Photo Credit: PIIE/Jeremey Tripp


The Federal Open Market Committee (FOMC or Fed) signaled on September 22 that it will probably start to taper off its bond purchases soon because it believes the US economy is likely to continue to perform strongly despite the Delta wave of COVID-19 infections. Markets had expected the taper signal, but the "dot plot" of FOMC participants' expectations of future policy interest rates shifted up a tiny bit, and participants are now evenly divided as to whether the first rate hike will occur in 2022 or 2023. Short-term bond yields rose a small amount, but longer-term yields ticked down. In its revised economic projections, the FOMC continues to show a dramatic decline in inflation next year, with inflation remaining essentially flat at its 2 percent target over the next three years despite a strong economy with low unemployment and easy monetary policy.

In the press conference after the FOMC meeting, Fed Chair Jerome Powell said that some FOMC participants are ready to support the taper now and that he is "almost there." He indicated that one more solid monthly employment report would probably be enough for him to support a tapering announcement at the next meeting in early November. Powell said that bond purchases would likely end completely by the middle of next year. In response to a question, he said that the FOMC probably would not raise interest rates while it is still purchasing bonds and that if policy tightening is needed next year the FOMC would accelerate the taper before raising rates.

The FOMC also released a new set of projections of key economic variables through 2024. The median US GDP growth projection for 2021 was marked down from a blistering 7.0 percent to a still strong 5.9 percent, and the projection for 2022 was marked up from 3.3 to 3.8 percent.
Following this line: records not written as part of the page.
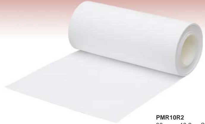
PMR10R2 33 cm x 13.2 m Sheet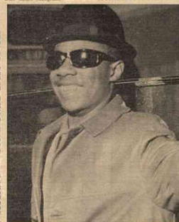
Thirteen-year-old child R and 8 singer LITTLE STEVIE WONDER flew into Britain from his Bowling, Dey for a show and, Steve, who has been appearing at the Paris Olympia, appeared on "Ready, Steady, Go" and recorded a "Lucky Star" single.

L ONNIE DONEGAN, who is starting recording his new ATV album "On The Downbeat" on January 18, will play Bermuda's Forty Thieves Club for an Easter season lasting two.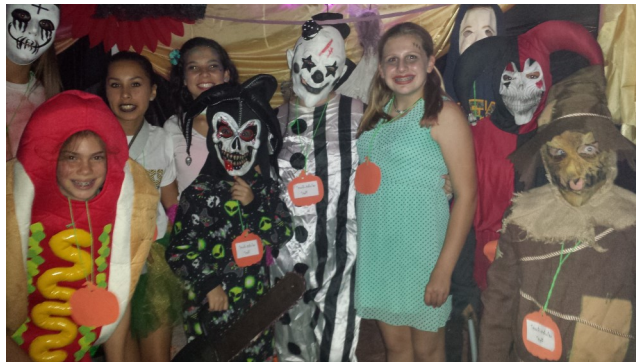
Community Pride Haunted Forest Staff ready to start

Keep an eye out for some upcoming events we will be doing like the Ranchos Tree Lighting with the Chamber of Commerce.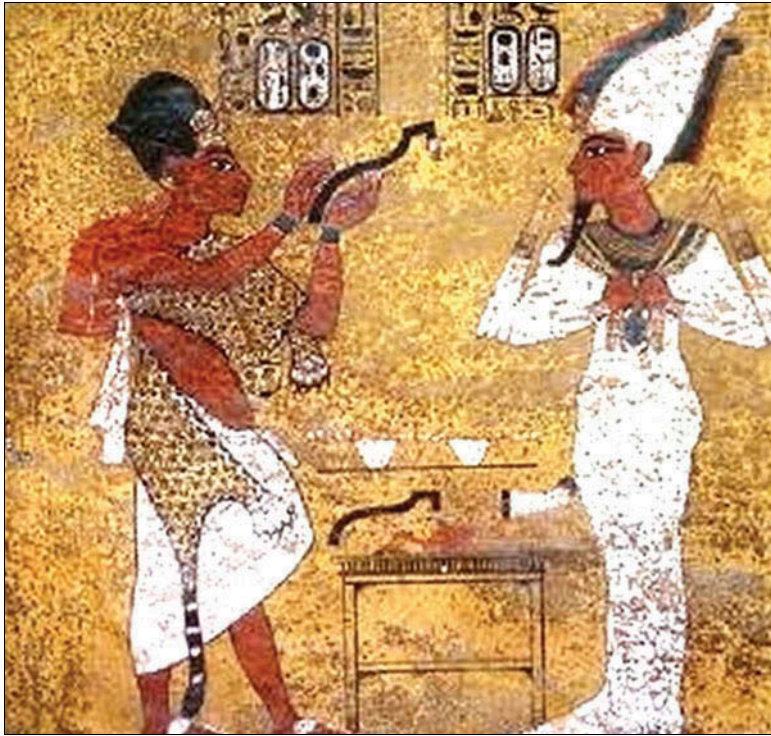
Figure 4. Valley of the Kings. The "Opening of the mouth" ceremony, depicted in Tutankamun tomb.

towards the Nile, but the setting sun at midsummer cannot penetrate the temple, because the horizon is occupied by the Theban hills, which obstruct the view. The astronomical orientation of Karnak to the winter solstice sunrise makes sense, in particular, because this choice must have stemmed from calendrical considerations. Indeed, in the years around the foundation of Karnak the Egyptian "civil" calendar completed one half of its turnaround with respect to the solar cycle, and thus new year's day, started with the summer solstice, coincided with the winter solstice.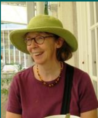
Carmel Finley, Author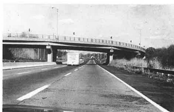
FIGURE 5 Bridge pier blockage.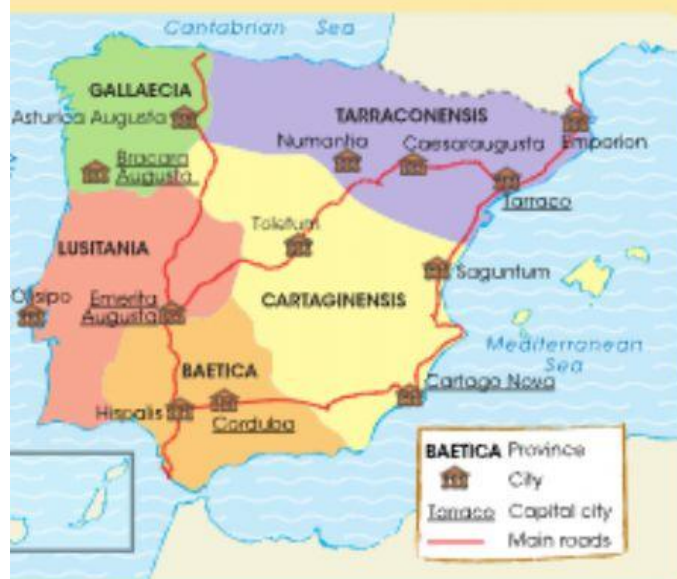
Roman provinces in Hispania in the 3rd century

The Romans divided Hispania into provinces . A Roman governor ruled each one.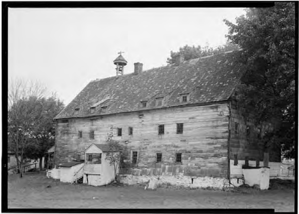
FIGURE 5 – The Saron at Ephrata Cloister, conditions pre-restoration. View of rear.

Inflation was marked up sharply for 2021, reflecting the surprisingly high data releases over the summer. The FOMC is still projecting a sharp drop in inflation in 2022 to close to its targeted value of 2 percent. The median interest rate projection for 2023 increased noticeably from 0.6 to 1.0 percent.

The changes to the FOMC projections are all consistent with economic news since the last projections were released in June. However, there remains an apparent inconsistency in the forecast as unemployment is projected to be below its long-run level for three years in a row and policy rates are projected to be below their long-run level, yet inflation ticks down a tiny amount. Normally, one would expect a strong economy with low unemployment and easy monetary policy to cause inflation to drift up.